For the quarter ended April 30, 2023, net income was US$ 290.4 million, well improved from US$ 190 million. Revenue increased by 24% to US$ 2 billion, up from US$ 1.61 billion. 

A big takeaway in the numbers, China revenue alone grew by 79% in the quarter, year over year. 

  • JFP Limited (JSE: JFP). Another resignation was reported by JFP in recent times to the JSE, Jamaica Stock Exchange, this time, it is their Human Resource Officer, Ms. Maureen Hassan, effective June 8, 2023. The previous resignation report was effective May 25, 2023, which was, Purchasing & Stores Manager, Ms. Rushell Milton. 

JFP’s share price is around J$ 1.60/ share and its 52-week low is J$ 1.32/ share. For its Q1 2023, JFP registered a net loss of J$ 14.8 million. 

  • Buy Buy Baby, gets some love in the Bed Bath & Beyond bankruptcy matter (US: BBBY). There’s always a buyer for something, it may just depend on the price & the timing. Sometimes even the events surrounding it, comes back to the timing… Given its parent company bankruptcy, Bed Bath & Beyond, and as the company works on auctioning its assets, this one is drawing some interest. 

Buy Buy Baby is a baby gear retailer and details are still emerging on the interested bidders.

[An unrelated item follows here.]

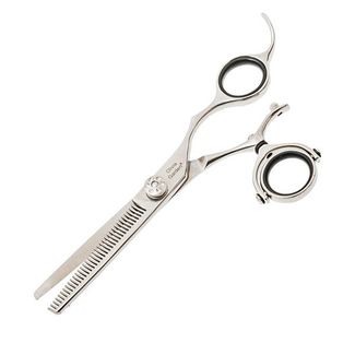 великолепная эргономика, снижающая нагрузку на руку (offset); заточка режущей кромки полу–convex; ножницы отличает высокая степень полировки полотен; закаленная высокоуглеродистая нержавеющая сталь марки 440С; регулировочный винт с пошаговой ручной регулировкой натяжения полотен, украшен искусственными кристаллами; литой усилитель хода для мизинца дугообразной формы; ограничитель хода со встроенным металлическим винтом; длина лезвия 6.0" / 15 см

At this stage it comes across as two (2) including Babylist that registered US$ 290 million in annual revenue in 2022. Babylist describes itself as a destination for all things baby. 

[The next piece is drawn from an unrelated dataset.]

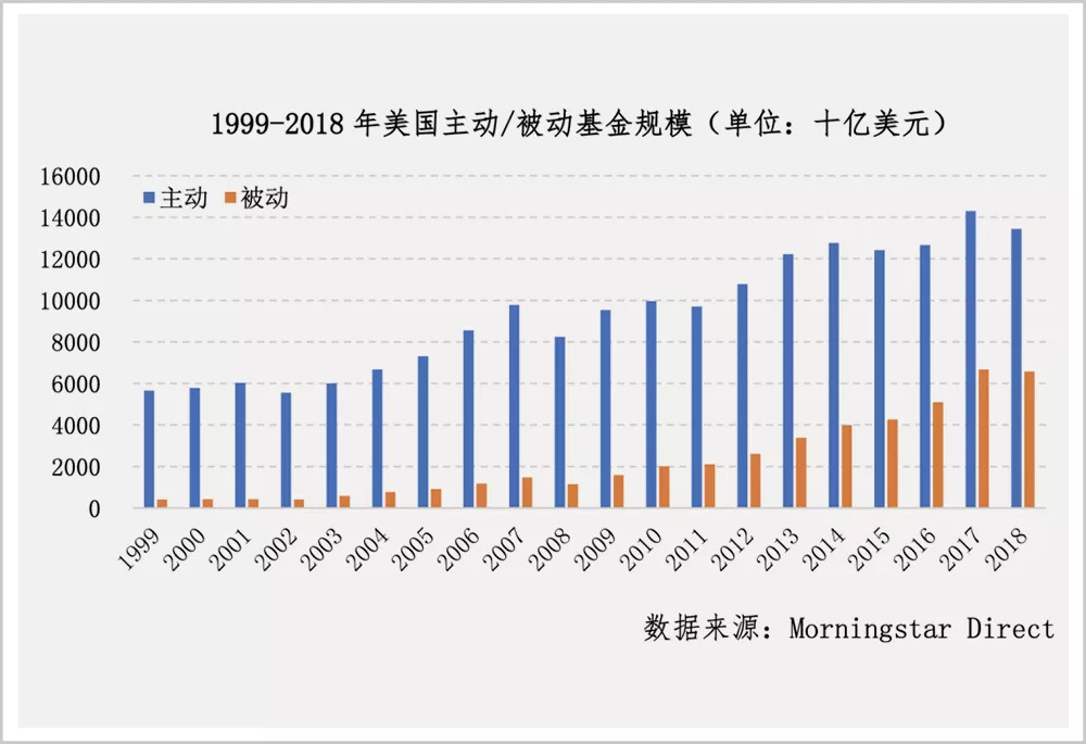 过去二十多年,美国基金市场中规模、增速最快的基金类型,是以特定指数成分股作为投资对象的被动型基金,靠基金经理自身判断选股的主动型基金越来越不被投资者看好。

As things heat up, it will be interesting to see the bidders’ interest, that is, whether, its Buy Buy Baby’s intangibles, digital assets, stores, inventory – anyone, a mixture or all. 

  • Medical Disposables and Supplies Limited (JSE: MDS). This Company, keeps gaining market share whether from new markets, its competitors, the launching of new products, etc. MDS for its year-end March 31, 2023, reported a huge top line figure of J$ 3.76 billion, up from J$ 3.41 billion, in MDS previous year-end. Net profit declined for the current year to J$ 80.1 million from J$ 105.4 million, representing a 24% decline year-on-year. Expenses and finance costs were materially higher than the previous year, and the revenue growth and margin growth was not enough to offset that. As a result, the current year-end earnings per share (“EPS”) hit J$ 27 cents. The Company’s total equity ended the year-end strong, closing at J$ 1.2 billion. 

MDS net margin for March 31, 2023, was 2.12%, lower than 3.1% for March 31, 2022. The Company is already in its current fiscal year, in its 3rd month, June 2023, with its 1st Quarter due on or around August 14, 2023. MDS objective should be laser like focused on growing its net margin to 5% or higher in its current financial year.